DATASET CONTENT:
□ □ □ □ □
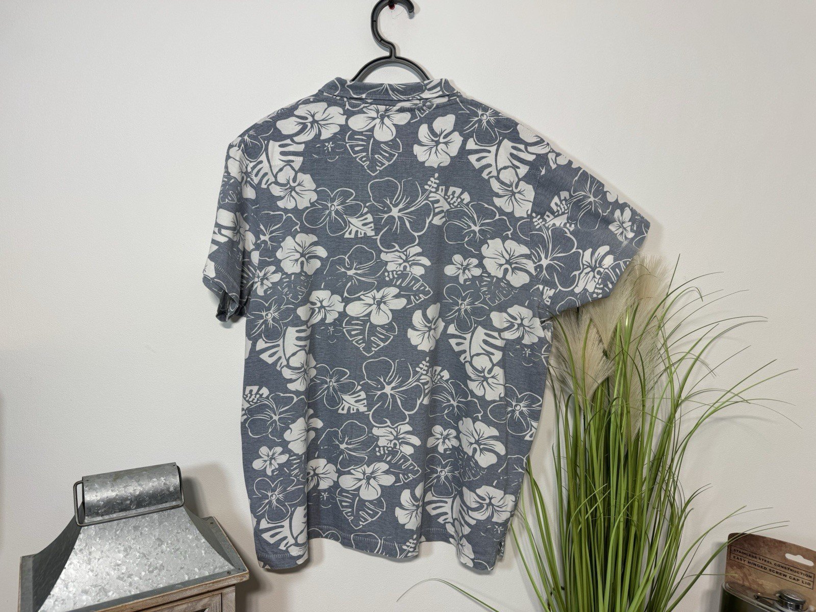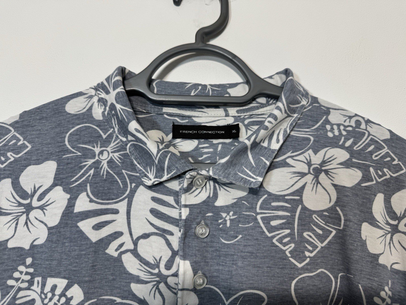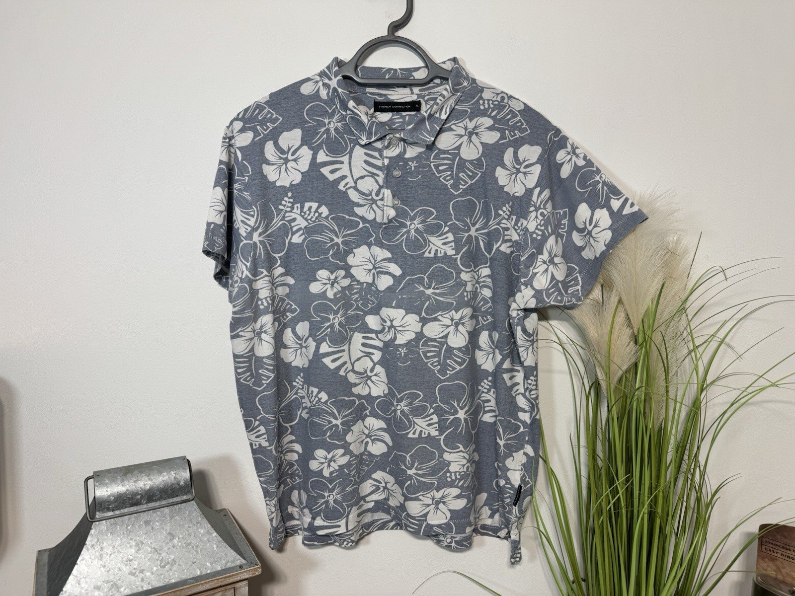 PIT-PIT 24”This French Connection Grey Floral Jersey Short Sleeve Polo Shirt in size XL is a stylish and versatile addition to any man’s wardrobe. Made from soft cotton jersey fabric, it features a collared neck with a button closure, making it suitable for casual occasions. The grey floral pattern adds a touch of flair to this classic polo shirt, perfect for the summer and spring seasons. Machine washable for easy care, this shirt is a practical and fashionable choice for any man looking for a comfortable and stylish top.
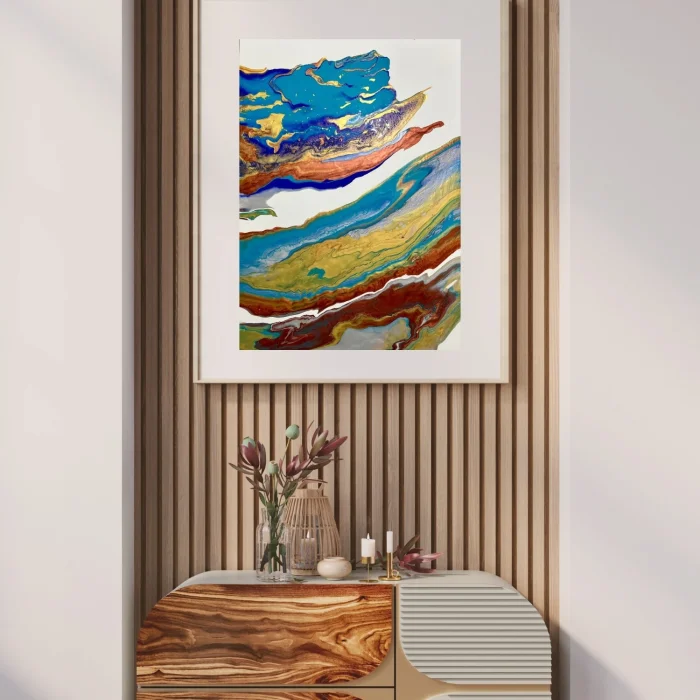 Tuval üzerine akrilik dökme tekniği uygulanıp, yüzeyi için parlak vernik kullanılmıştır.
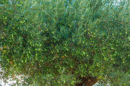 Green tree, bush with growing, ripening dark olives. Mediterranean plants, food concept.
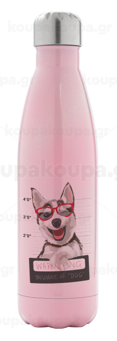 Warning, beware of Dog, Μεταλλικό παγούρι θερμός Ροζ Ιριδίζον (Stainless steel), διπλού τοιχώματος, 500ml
□ □ □ □ □
TRY IT: Give back, word for word, the lines from the one containing "Green tree, bush" through the last line of the listing above; include both ends and exclude the pictures.

RESPONSE TO THIS EXERCISE:
 Green tree, bush with growing, ripening dark olives. Mediterranean plants, food concept.
 Warning, beware of Dog, Μεταλλικό παγούρι θερμός Ροζ Ιριδίζον (Stainless steel), διπλού τοιχώματος, 500ml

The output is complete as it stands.